Na pytanie „czy minister Waszczykowski już się pakuje, czy gabinecik irański jest już spakowany?” Szymański odpowiedział, że nie będzie wdawał się w dyskusje na temat ewentualnych zmian w rządzie. – To są zmiany, które powinny podlegać ocenie osób, które podejmują decyzję, ja takich decyzji nie podejmuję, więc mam komfort nieoceniania zmian – powiedział wiceminister.
Według Szymańskiego, premier Morawiecki miał „bardzo ważne powody”, by przerwać swoją obecność na szczycie w Brukseli. Przypomnijmy, szef rządu w rozmowie z dziennikarzami mówił, że jego wcześniejszy powrót ze szczytu UE w Brukseli spowodowany był „pilnymi sprawami” w Polsce. Wyjaśnił, że w kraju czekały na niego „tajne dokumenty”. Szczyt UE w Brukseli stanowił pierwszą oficjalną wizytę nowego polskiego premiera. W agendzie znajdowały się tematy takie jak Brexit czy migracja. Doszło do spotkań bilateralnych Mateusza Morawieckiego z Theresą May i prezydentem Francji Emmanuelem Macronem. Po powrocie z Brukseli premier miał widzieć się z Mariuszem Kamińskim i Piotrem Krawczykiem, szefem ABW. Opuszczając szczyt, szef polskiego rządu nie wziął udziału w dyskusji o Brexicie.
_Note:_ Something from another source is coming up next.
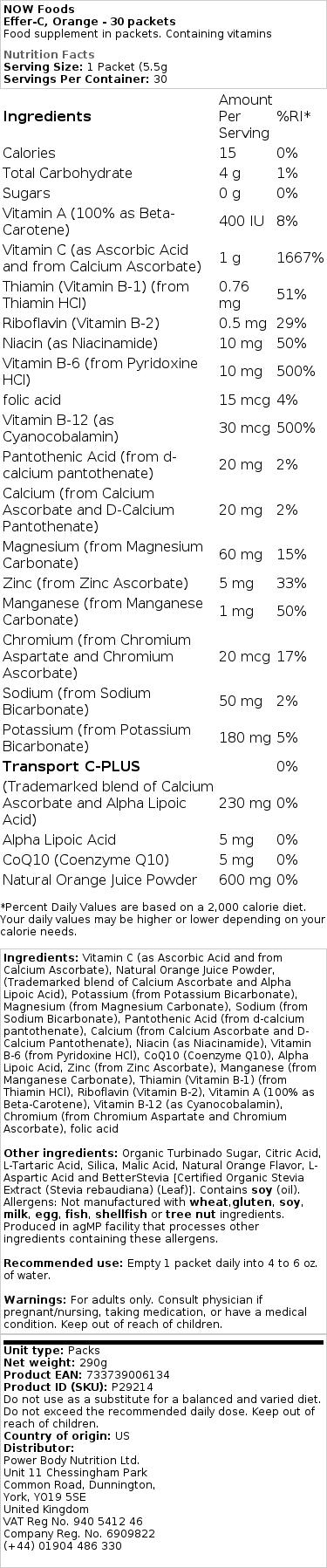 Tukeaksesi vahvaa immuunijärjestelmää vuodenaikojen vaihteluiden ja päivittäisten haasteiden keskellä, kokeile NOW Effer-C:tä. Tämä poreileva C-vitamiinilisä on suunniteltu kätevyyttä ja tehokkuutta ajatellen, erityisesti sen ainutlaatuisen koostumuksen ansiosta, joka sisältää olennaisia vitamiineja ja mineraaleja optimaalisen hyvinvoinnin takaamiseksi. Se auttaa nopeasti palauttamaan tarvittavat elektrolyytit pitämään sinut aktiivisena koko päivän. Jokaisessa pakkauksessa on 1000 mg C-vitamiinia, mukaan lukien Transport C-PLUS – puskuroitu muoto yhdistettynä alfalipoiinihappoon – varmistaen nopean imeytymisen.

– Zapewniam, że powody były bardzo poważne i premier je przedstawił – zapewnił Szymański. – Premier Morawiecki rano zapoznał się jeszcze raz z finalnym brzmieniem konkluzji w sprawie Brexitu, wyraził przekonanie, że możemy je poprzeć, te konkluzje są faktycznie bardzo dobre dla Polski, ponieważ realizują wszystkie nasze oczekiwania w sprawie Brexitu, w związku z czym polskie interesy rano tego dnia były zabezpieczone w 100 procentach – wyjaśnił polityk. Dodał również, że w Brukseli „premier znalazł czas, żeby się przywitać i zamienić parę słów z przewodniczącym Tuskiem”.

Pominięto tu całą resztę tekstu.